Beginning in the 1670s, residents of English North America and the Caribbean
developed common scripts for understanding the prospect of slave
insurrection. In my larger project, I take a fresh look at 71 purported
“slave conspiracies”-or conspiracy panics-and discover that slaves confessed
to remarkably consistent rebellion plots during investigations in different
times and places between 1670 and 1780. Masters and slaves alike invoked
conventional elements such as ambushes at decoy fires, incitement by
non-slave instigators (often foreign Catholic agents), secret officer lists
written in the style of an English militia, and a planned social inversion
in which conspirators would replace masters at the head of families,
estates, and government. These tropes became instrumental in sparking and
fueling conspiracy panics, as well as making sense of them afterward.

This colloquium paper focuses on the first major cluster of conspiracy
investigations in English America, which occurred in Barbados, the Leeward
Islands, and Virginia between 1675 and 1693. The paper seeks to demonstrate
that early assumptions about slave conspiracy borrowed widely from bodies of
knowledge about other domestic insecurities. When planters first encountered
the prospect of slave conspiracy, they had little prior experience to
understand this new threat. Instead, they made sense of their situation by
drawing on what they knew of Catholic insurrection plots in England and
Ireland, warfare with Native Americans, and labor revolts by indentured
servants. Slaveholders clipped ideas from those contexts and grafted them
onto what they knew of slave societies, creating a new discourse that would
inform subsequent conspiracy scares and fuel paranoid imaginations well into
the future. A close look at these early slave plots reveals the surprising
degree to which fears of slave insurrection were embedded in contexts
outside the institution of slavery.

Copies of the paper are available for reading at the Institute, Swem
Library’s Reference and Circulation Desks, the Lyon G. Tyler Department of
History, and the American Studies Program, all at the College of William and
Mary; Colonial Williamsburg’s John D. Rockefeller, Jr., Library; the
University of Richmond’s Department of History, the Virginia Commonwealth
University’s Department of History, the Library of Virginia, and the
Virginia Historical Society, all in Richmond; Virginia State University’s
Department of History in Petersburg; Old Dominion University’s Department of
History in Norfolk; and the University of Virginia’s Corcoran Department of
History in Charlottesville.  If you would like to receive the paper by
email, please send Melody Smith (mlsmit at wm.edu) your email address.

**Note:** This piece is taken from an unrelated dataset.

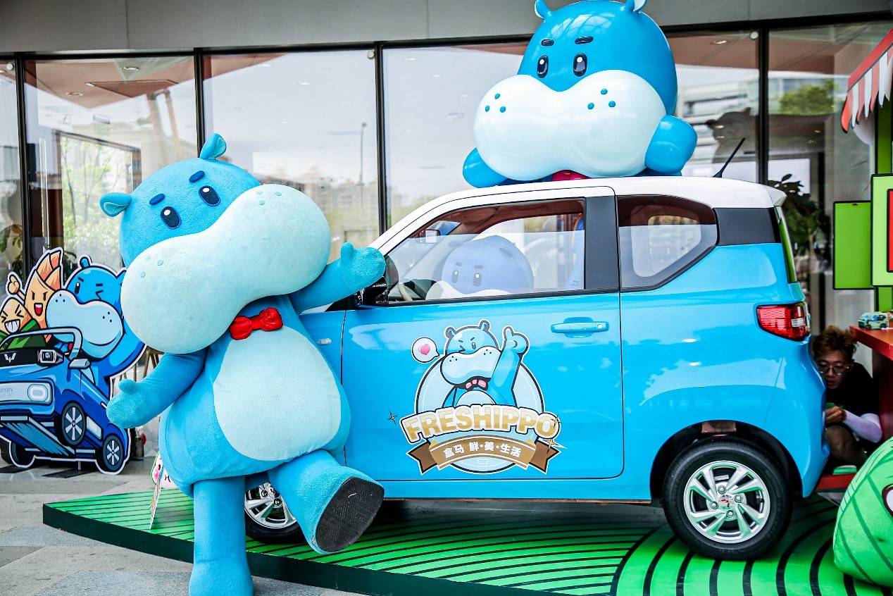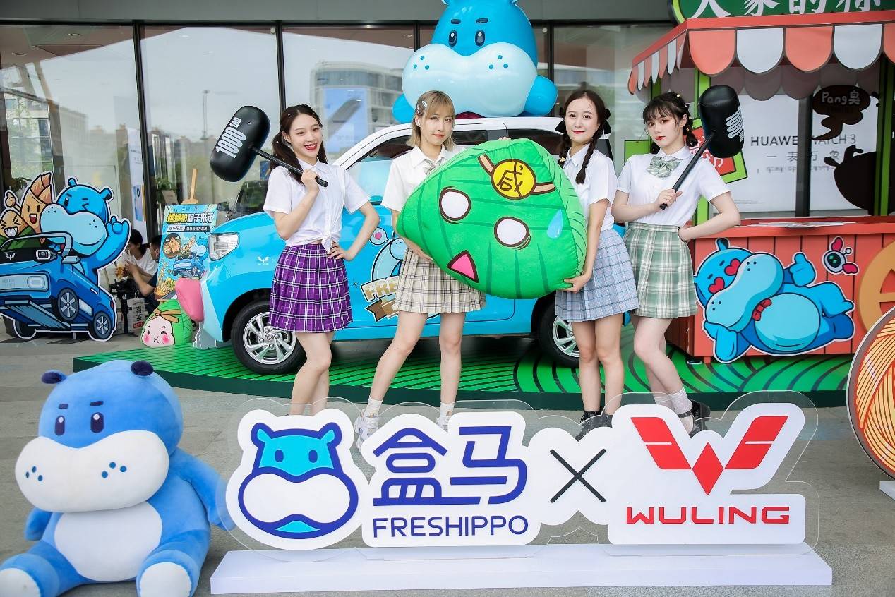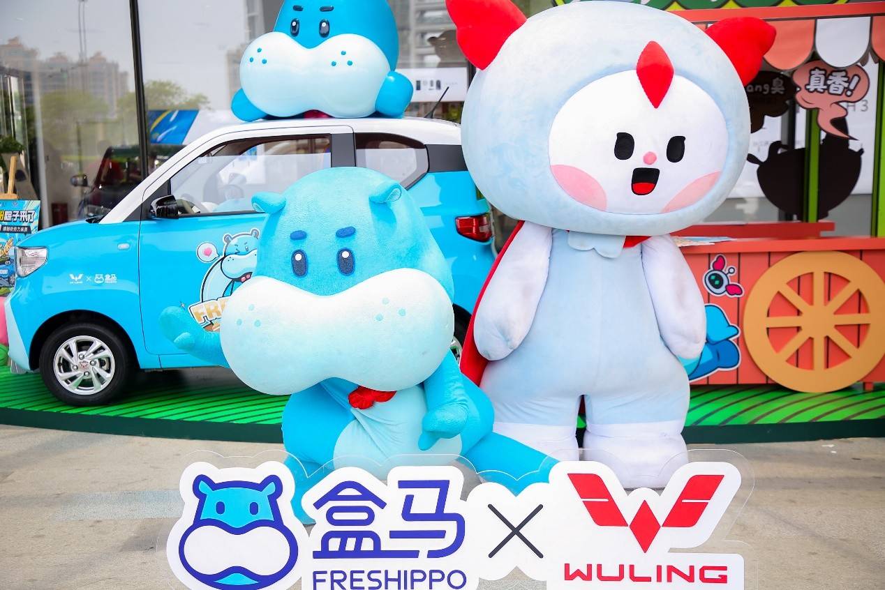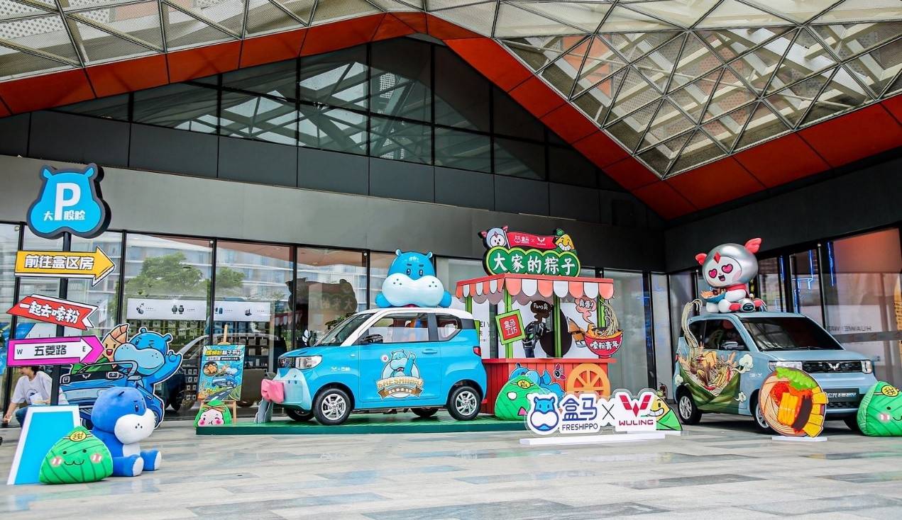 继五菱×盒马联名快闪店在上海首发开启,2021年6月11日,五菱再度携手新零售平台盒马在杭州打造线下快闪店,碰撞出跨界潮玩势能,与阿里动物园带来趣玩互动新体验。“人民的代步车”宏光MINIEV再度释放潮创风采,化身盒马配送车亮相街头,引领新零售配送新潮流。

DATE: Tuesday, March 16, 2010
TIME:  7:00 P.M.
PLACE:  Kellock Library Conference Room at the Institute, Swem Library,
Ground Floor

Seminar attendees are cordially invited to supper at the Institute following
the presentation.

The Omohundro Institute of Early American History and Culture is sponsored
jointly by The College of William and Mary and The Colonial Williamsburg
Foundation.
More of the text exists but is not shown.